[Dataset entries Boundary: Start]
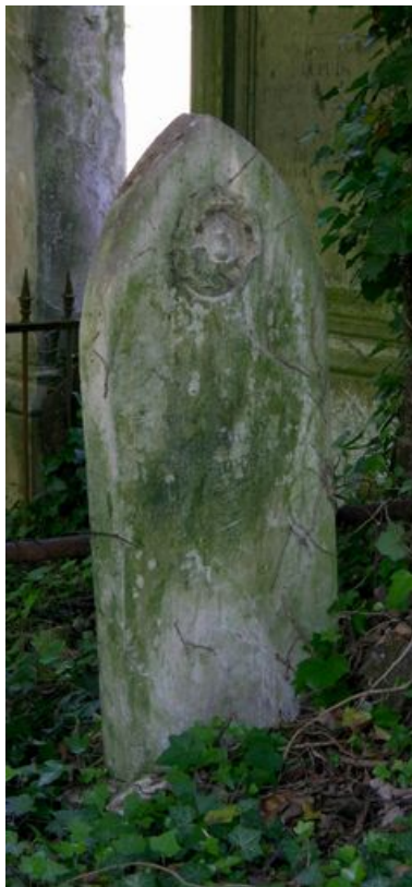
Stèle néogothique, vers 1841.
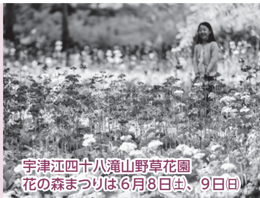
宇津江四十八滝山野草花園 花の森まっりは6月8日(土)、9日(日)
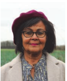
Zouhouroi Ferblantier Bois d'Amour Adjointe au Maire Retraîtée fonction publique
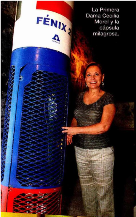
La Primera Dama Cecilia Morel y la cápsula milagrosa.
[Dataset entries Boundary: End]
[Dataset entries Boundary: Start]
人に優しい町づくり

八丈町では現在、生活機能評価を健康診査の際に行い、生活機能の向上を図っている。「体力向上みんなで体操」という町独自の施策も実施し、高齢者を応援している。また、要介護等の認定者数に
[Dataset entries Boundary: End]
### How to complete this task
Above are some records. Reproduce the lines from the one with "宇津江四十八滝山野草花園 花の森まっりは6月8日(土)、9日(日)" down to the one with "La Primera Dama", keeping both, and leave every picture out.

### The completed task
宇津江四十八滝山野草花園 花の森まっりは6月8日(土)、9日(日)
Zouhouroi Ferblantier Bois d'Amour Adjointe au Maire Retraîtée fonction publique
La Primera Dama Cecilia Morel y la cápsula milagrosa.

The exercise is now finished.